Write a balanced equation for the combustion of gaseous methane (CH4), a majority component of natural gas, in which it combines with gaseous oxygen to form gaseous carbon dioxide and gaseous water.

CH4 (g) + 2O2 (g) → CO2 (g) + 2H2O (g)

Explanation:

Step 1: Data given

gaseous methane = CH4 (g)

Combustion reaction is adding O2. The products will be carbondioxide (CO2) and water vapor (H2O)

Step 2: The unbalanced equation

CH4 (g) + O2 (g) → CO2 (g) + H2O (g)

Step 3: Balancing the equation

CH4 (g) + O2 (g) → CO2 (g) + H2O (g)

On the left side we have 4x H (in CH4), on the right side we have 2x H (in H2O). To balance the amount H on both sides, we have to multiply H2O by 2.

CH4 (g) + O2 (g) → CO2 (g) + 2H2O (g)

On the left side we have 2x O (in O2), on the right side we have 4x O (2x in CO2 and 2x in 2H2O). To balance the amount of O on both sides, we have to multiply O2 on the left side, by 2. Now the equation is balanced.

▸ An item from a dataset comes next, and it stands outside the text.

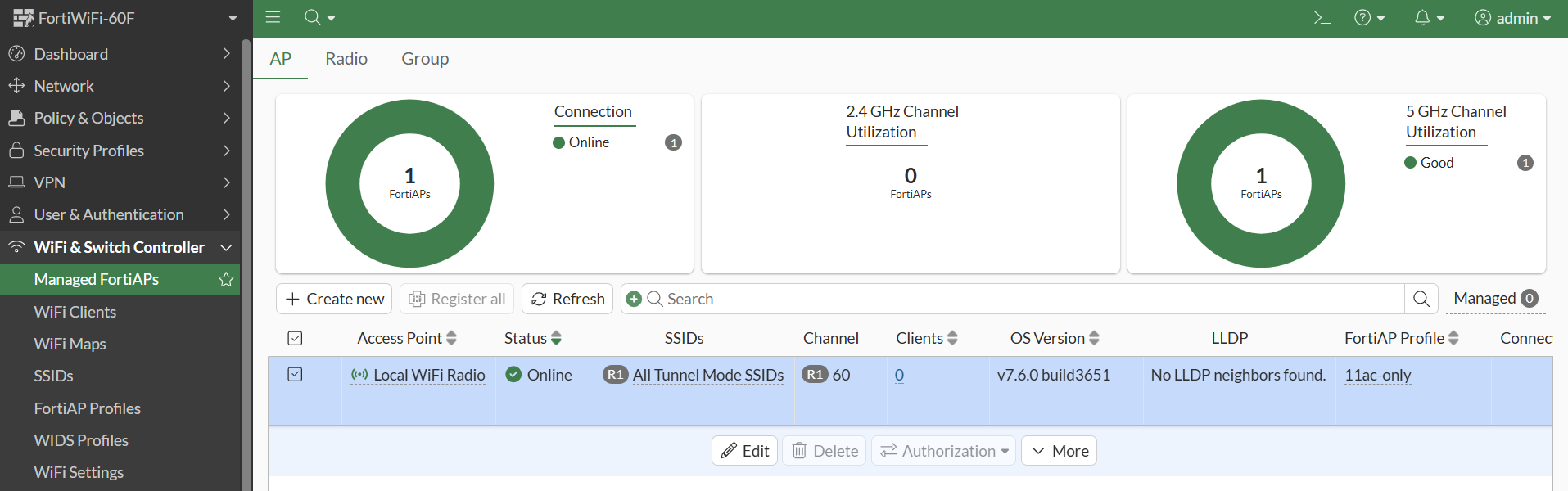 When a FortiWiFi local radio is operating in AP mode, the Local WiFi Radio page under the WiFi & Switch Controller menu is now located in the Managed FortiAPs table.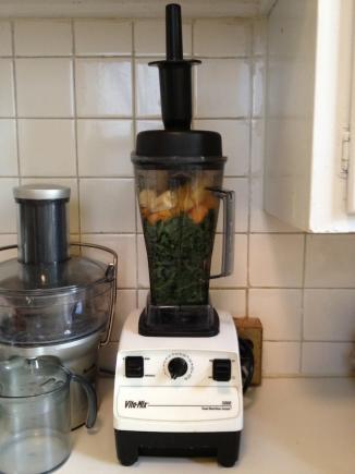 close the lid and blend the heck out of it. i have a tamper in my blender, which is helpful for smashing the ingredients down. if using a smaller size blender, go with a more tender leaf, like baby spinach to prevent chunks- if a smoothie is not smooth, it's gross.

CH4 (g) + 2O2 (g) → CO2 (g) + 2H2O (g)

CH₄ (g) + 2O₂ (g) - --> 1CO₂ (g) + 2H₂O (g)

Explanation:

any combustion of a hydrocarbon equation is in form:

CₓHₐ (g) + BO₂ (g) - --> YCO₂ (g) + ZH₂O (g), where x, a, b, y, z are all whole number positive integers

there will be 1 CO₂ to 2 H₂O, since there is 1 C to 4 H in CH₄; it is not 1:4 since 2 H is needed in H₂O

CH₄ (g) + _O₂ (g) - --> 1CO₂ + 2H₂O

there is 4 total O on products side, which can make 2O₂

CH₄ (g) + 2O₂ (g) - --> 1CO₂ (g) + 2H₂O (g)